The News
January 24, 2002

'Former INS official talks up gradual immigration reform'

From The News (Mexico City)

The former commissioner of the U.S. Immigration and Naturalization Service (INS) on Wednesday expressed doubt over short-term plans to legalize some four million Mexicans living in the United States.

Doris Meissner said it would be "very difficult" to carry out the legalization process in the short term, as hoped for by President Vicente Fox.

Mexico and the United States currently are considering immigration reforms, an issue put on hold following the Sept. 11 terrorist attacks in New York and Washington.

Interviewed by a Mexico City radio station, Meissner emphasized that such reforms must be approved by the U.S. Congress, "and a most difficult, political decision would be legalizing some eight to nine million undocumented immigrants, half of them Mexicans, because of the considerable problems it presents for the United States.

According to the National Population Council (Conapo), nearly 23 million people of Mexican origin live in the United States. The figure includes some nine million immigrants and their children born north of the border (an estimated 14 million), news agency AFP reported.

Meissner said if the undocumented are legalized "they would earn the right to bring their families (to the United States), something which could mean 27 million additional inhabitants, posing an extremely high cost for the United States in regard to education and health services."

She also predicted another political stumbling block in the process "would be the precedent it would set, because current law doesn't allow the legalization of the undocumented meaning Congress would have to amend the law like it did in the mid-1980s opening the door to the legalization of more than two million Mexicans.

Furthermore, the U.S. justice apparatus has opposed "rewarding" those who entered illegally."

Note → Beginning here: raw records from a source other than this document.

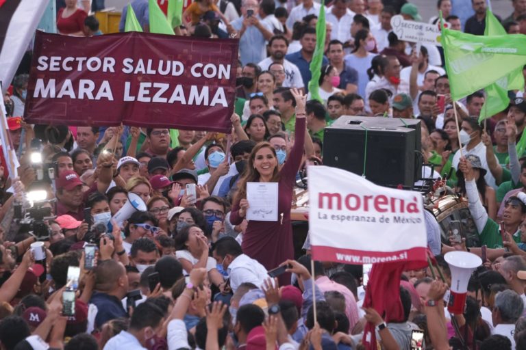 “Estamos haciendo historia, por primera vez en Quintana Roo, una mujer de ustedes, del pueblo, una mujer de Morena, de izquierda, una luchadora social, nos avalan 41 puntos arriba del segundo lugar. Morena no sólo ganó sino que arrasó con el 57 por ciento de la preferencia electoral, la más amplia de todo el país en las elecciones pasadas”, dijo
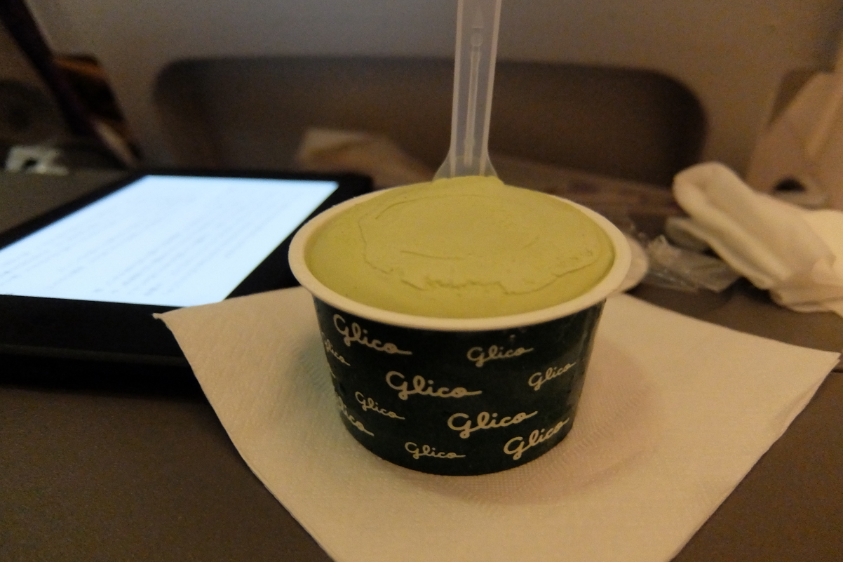 デザートはグリコの抹茶アイス。
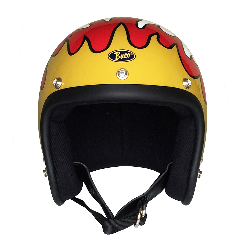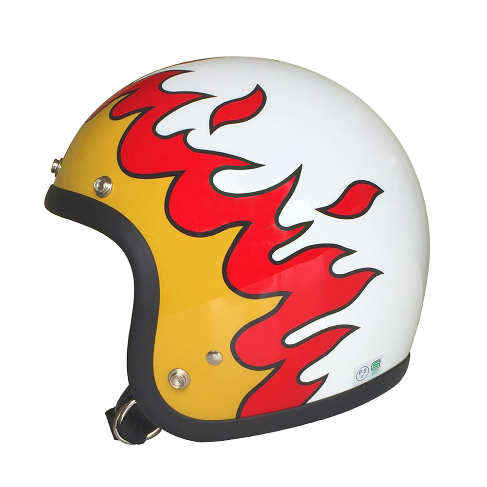 ビンテージヘルメットの専門書で紹介されている、無名のアーティストによる1950年代のカスタムペイントヘルメット。トイズマッコイが所蔵する同ビンテージの味わい深いフレアーペイントをアレンジを加えて再現しました。
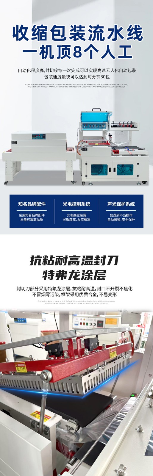 全自動封切熱收縮包裝機穩(wěn)定高效實現(xiàn)連續(xù)不斷的流水線作業(yè),無需人工干預(yù)
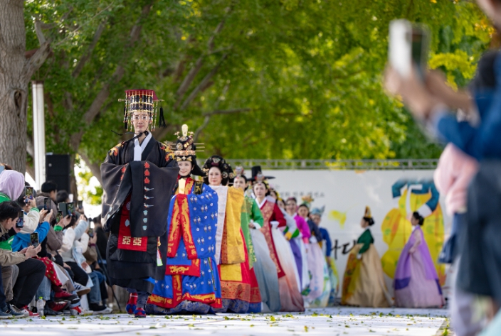 [뉴스다컴] (재)아산문화재단은 지난 11월 2일 곡교천 은행나무길에서 장애 예술과 전통 한복이 어우러진 특별한 패션쇼 '에이블 아트 · 명화 한복 패션쇼'를 성황리에 마무리했다.

The former INS official said if an accord is reached, Mexico must assume responsibility in the matter "to help coordinate the flow and also help out to make such immigration orderly."

The benefits of a longer-term process would be a more-organized immigration flow, particularly through temporary work programs, Meissner said.

"The original goal was a reform which would change things profoundly," she said. "And to maintain its gradual development so Mexico could really grow through the North American Free Trade Agreement, strengthening its economy so as to reduce the outflow of immigrants."